Data excerpts
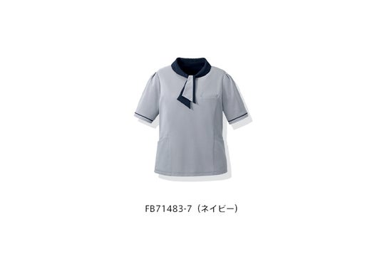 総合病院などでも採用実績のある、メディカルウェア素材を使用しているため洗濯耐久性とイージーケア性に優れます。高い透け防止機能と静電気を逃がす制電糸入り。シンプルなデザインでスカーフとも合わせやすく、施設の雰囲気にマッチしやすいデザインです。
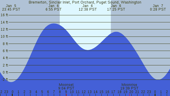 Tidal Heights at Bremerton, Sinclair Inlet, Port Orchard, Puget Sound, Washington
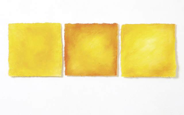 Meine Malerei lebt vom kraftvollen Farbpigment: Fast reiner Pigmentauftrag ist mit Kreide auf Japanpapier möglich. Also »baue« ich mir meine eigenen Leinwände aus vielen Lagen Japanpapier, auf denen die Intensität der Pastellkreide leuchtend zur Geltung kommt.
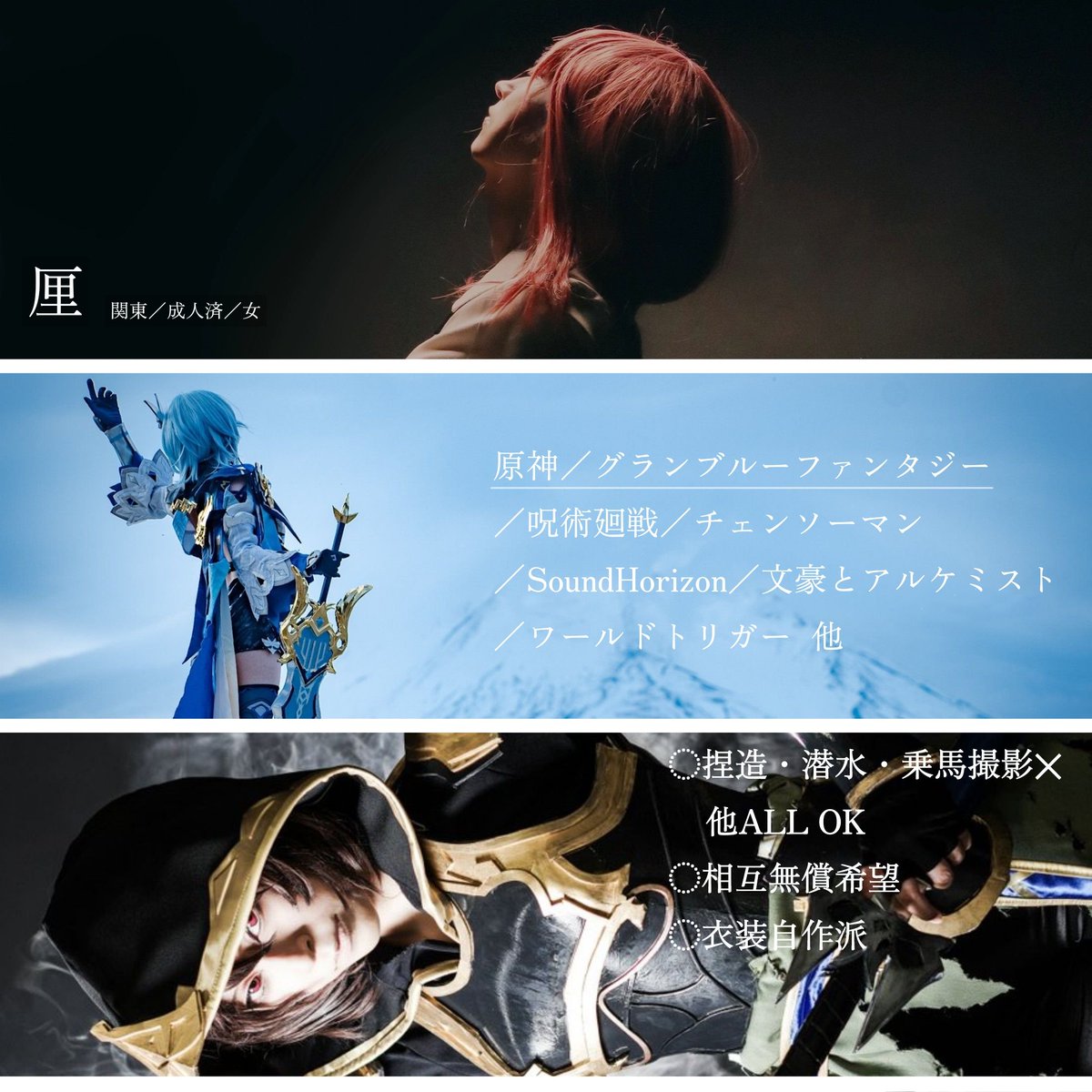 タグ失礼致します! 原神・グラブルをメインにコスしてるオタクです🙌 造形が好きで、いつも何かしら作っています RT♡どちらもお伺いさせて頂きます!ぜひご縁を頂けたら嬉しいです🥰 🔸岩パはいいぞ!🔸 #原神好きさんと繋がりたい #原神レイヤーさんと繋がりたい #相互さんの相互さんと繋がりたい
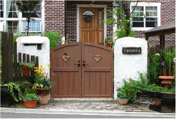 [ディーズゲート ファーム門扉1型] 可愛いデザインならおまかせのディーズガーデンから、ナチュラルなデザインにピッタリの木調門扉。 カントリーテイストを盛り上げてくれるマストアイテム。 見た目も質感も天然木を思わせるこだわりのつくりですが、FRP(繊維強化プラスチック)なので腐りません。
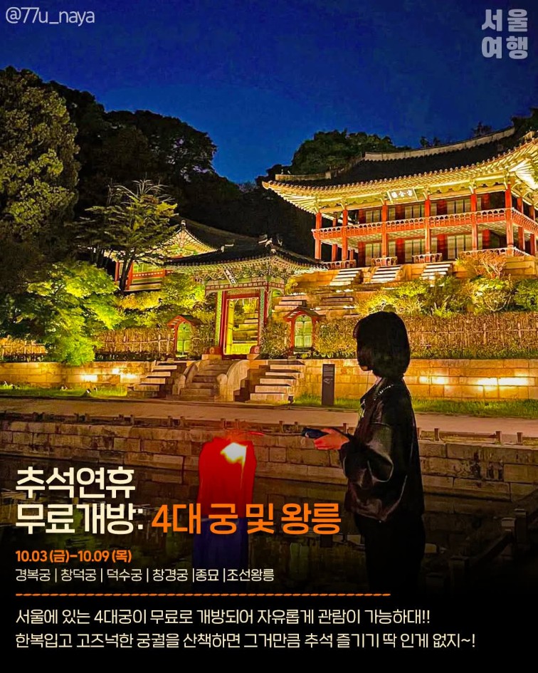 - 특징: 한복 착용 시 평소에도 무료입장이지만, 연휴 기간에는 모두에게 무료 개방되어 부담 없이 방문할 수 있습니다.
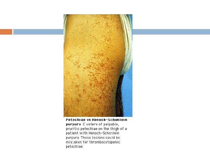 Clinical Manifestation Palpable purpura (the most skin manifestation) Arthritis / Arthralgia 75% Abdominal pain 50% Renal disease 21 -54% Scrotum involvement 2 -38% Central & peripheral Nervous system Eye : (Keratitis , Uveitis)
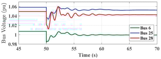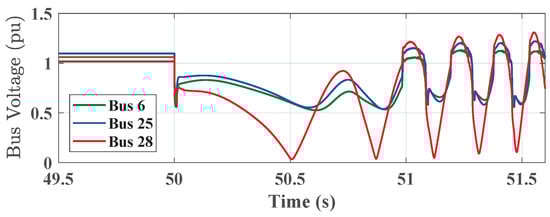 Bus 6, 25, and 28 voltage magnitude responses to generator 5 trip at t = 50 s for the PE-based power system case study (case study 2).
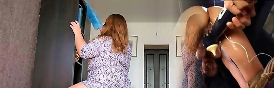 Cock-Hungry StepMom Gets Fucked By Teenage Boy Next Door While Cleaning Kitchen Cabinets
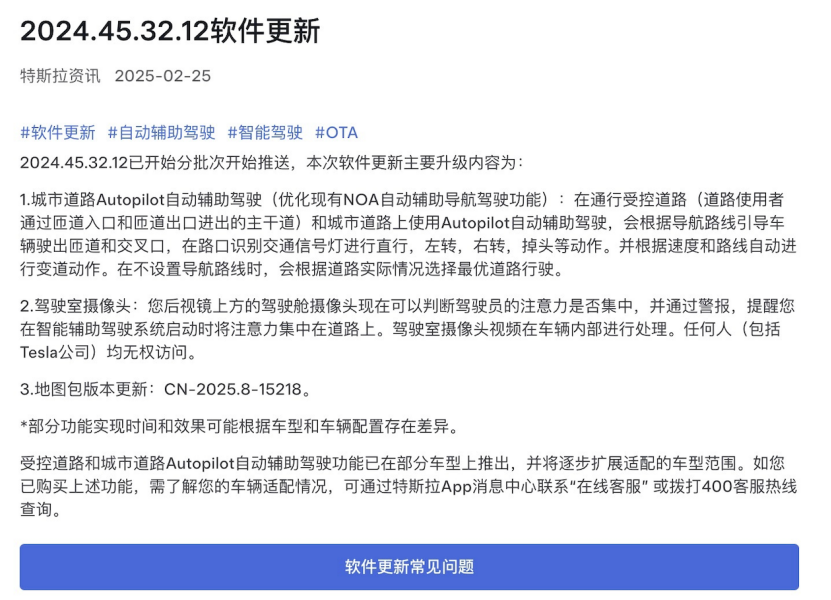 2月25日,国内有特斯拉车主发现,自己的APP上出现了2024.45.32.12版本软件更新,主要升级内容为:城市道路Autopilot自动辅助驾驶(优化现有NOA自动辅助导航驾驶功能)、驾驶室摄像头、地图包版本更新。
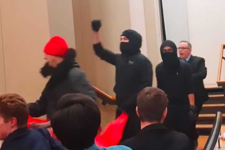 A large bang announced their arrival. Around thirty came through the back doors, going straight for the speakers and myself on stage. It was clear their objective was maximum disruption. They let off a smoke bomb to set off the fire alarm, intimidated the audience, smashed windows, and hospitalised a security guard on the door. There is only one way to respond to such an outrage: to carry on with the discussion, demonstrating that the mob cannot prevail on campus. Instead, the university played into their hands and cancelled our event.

Work request: Strip the images and reproduce the remaining records precisely.

Output of the task:
 総合病院などでも採用実績のある、メディカルウェア素材を使用しているため洗濯耐久性とイージーケア性に優れます。高い透け防止機能と静電気を逃がす制電糸入り。シンプルなデザインでスカーフとも合わせやすく、施設の雰囲気にマッチしやすいデザインです。
 Tidal Heights at Bremerton, Sinclair Inlet, Port Orchard, Puget Sound, Washington
 Meine Malerei lebt vom kraftvollen Farbpigment: Fast reiner Pigmentauftrag ist mit Kreide auf Japanpapier möglich. Also »baue« ich mir meine eigenen Leinwände aus vielen Lagen Japanpapier, auf denen die Intensität der Pastellkreide leuchtend zur Geltung kommt.
 タグ失礼致します! 原神・グラブルをメインにコスしてるオタクです🙌 造形が好きで、いつも何かしら作っています RT♡どちらもお伺いさせて頂きます!ぜひご縁を頂けたら嬉しいです🥰 🔸岩パはいいぞ!🔸 #原神好きさんと繋がりたい #原神レイヤーさんと繋がりたい #相互さんの相互さんと繋がりたい
 [ディーズゲート ファーム門扉1型] 可愛いデザインならおまかせのディーズガーデンから、ナチュラルなデザインにピッタリの木調門扉。 カントリーテイストを盛り上げてくれるマストアイテム。 見た目も質感も天然木を思わせるこだわりのつくりですが、FRP(繊維強化プラスチック)なので腐りません。
 - 특징: 한복 착용 시 평소에도 무료입장이지만, 연휴 기간에는 모두에게 무료 개방되어 부담 없이 방문할 수 있습니다.
 Clinical Manifestation Palpable purpura (the most skin manifestation) Arthritis / Arthralgia 75% Abdominal pain 50% Renal disease 21 -54% Scrotum involvement 2 -38% Central & peripheral Nervous system Eye : (Keratitis , Uveitis)
 Bus 6, 25, and 28 voltage magnitude responses to generator 5 trip at t = 50 s for the PE-based power system case study (case study 2).
 Cock-Hungry StepMom Gets Fucked By Teenage Boy Next Door While Cleaning Kitchen Cabinets
 2月25日,国内有特斯拉车主发现,自己的APP上出现了2024.45.32.12版本软件更新,主要升级内容为:城市道路Autopilot自动辅助驾驶(优化现有NOA自动辅助导航驾驶功能)、驾驶室摄像头、地图包版本更新。
 A large bang announced their arrival. Around thirty came through the back doors, going straight for the speakers and myself on stage. It was clear their objective was maximum disruption. They let off a smoke bomb to set off the fire alarm, intimidated the audience, smashed windows, and hospitalised a security guard on the door. There is only one way to respond to such an outrage: to carry on with the discussion, demonstrating that the mob cannot prevail on campus. Instead, the university played into their hands and cancelled our event.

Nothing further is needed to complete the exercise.